Personifying the future into a stakeholder attempts in part what Dixon attempted — to be able to render a future in tangible flesh and bones; to be able to see the future as a sentient, living breathing entity capable of influence and of being influenced. Perhaps then, the future becomes open to interpretation through lenses of Human-centred design, making it part of a system that one is designing for.

For the unit, my team’s focus is on addressing Consumption and the Circular Economy to mitigate Southwark’s impact on climate change. We zoomed out to study the Borough’s structures and realised that the vastness of the ‘system’ could overwhelm not only our process but also our solution. By imagining Future among stakeholders, we were actively able to simulate a scaled-down version of it as an active participant in its own development.

The Future isn’t alone

Problems cannot be solved unless they are confronted and if they are to be solved it will not be by chance but, as said, by design (Fry,2009)

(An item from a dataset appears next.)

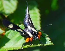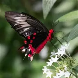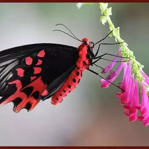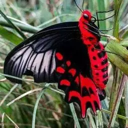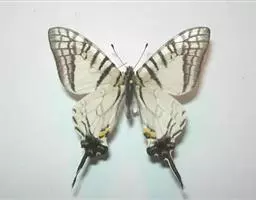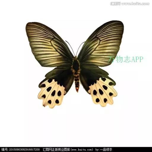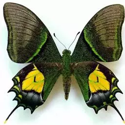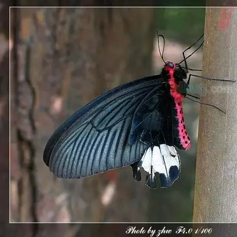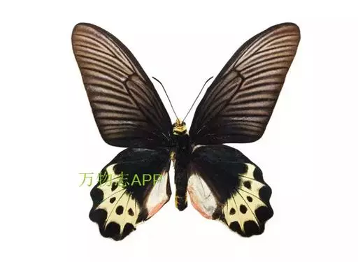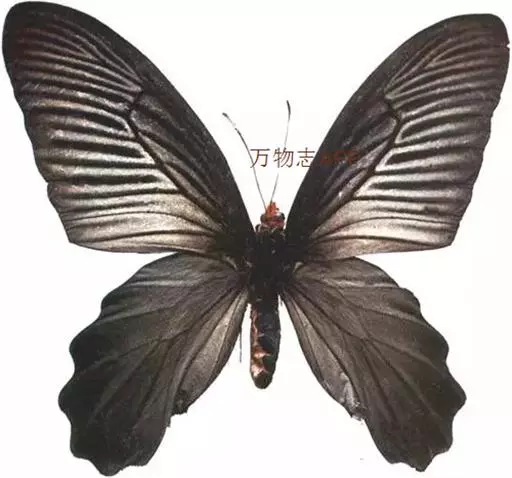 成虫:翅展115 mm左右。体背黑色,两侧红色。翅黑褐色,脉纹两侧灰色;雄蝶后翅狭窄,亚外缘有3个齿状白斑,外缘波状。雌蝶翅较阔,后翅亚外缘的白斑发达,阔而数目增加,扩展到前缘及内缘,有时这些大白斑中心有黑圆斑。翅反面色淡,白斑扩大、色淡,近前缘另有1个小白斑;其余与正面相似。雄性外生殖器上钩突上下等宽,骨化程度强;尾突长而具毛,中间膜质相连。抱器瓣宽大于长,抱器端稍窄,两侧有2个角突是抱器腹和抱器背的延伸形成的;抱器腹弧形,内突形成2个大角突。囊形突长半圆形。阳茎极粗。雌性外生殖器产卵瓣半圆形,具少数强刺;交配孔宽大,中间有舌形骨化的突起;前阴片强度骨化,两侧略呈刀片状,中部呈双马蹄形。囊导管宽短,膜质;交配囊大;囊突很长,几乎与交配囊等长,两端细柄状,中后部宽,由小突起构成有规律的褶痕。寄主 马兜铃科Aristolochiaceae的植物。

Only by acknowledging and confronting a problem can there be a basis for its disruption through design.

So who confronts our stakeholder? Are there other stakeholders like the future? What is their relationship with each other?
If we accept that Future can be a stakeholder, then we are inclined to accept that so can the Past and the Present. When not restricted by the linear progression that forms the identity of time, Past and Present are not predecessors to the Future but siblings that coexist, challenge and confront the future often determining its path.

As the team zeroed in on tackling consumption and circularity, through this design approach we have adopted a more people-centred focus. We have begun to look at different stakeholders in the present and speculate their existence in future as an integral part of the solution. We have begun to examine how can we design a shared understanding and the relationships between different people ie. residents of Southwark and the Southwark Council. As we articulate desires and fears of the personified Future (Bland & Westlake, 2013), we also do so for the people that are active participants in this future. Perhaps we would even go so far as to identify a person as our artefact.

Will Future continue to be seen as a stakeholder as our understanding evolves? or will it evolve to become an idea, bigger than a body can contain? That is something I intend to find out as we cover more ground in our research.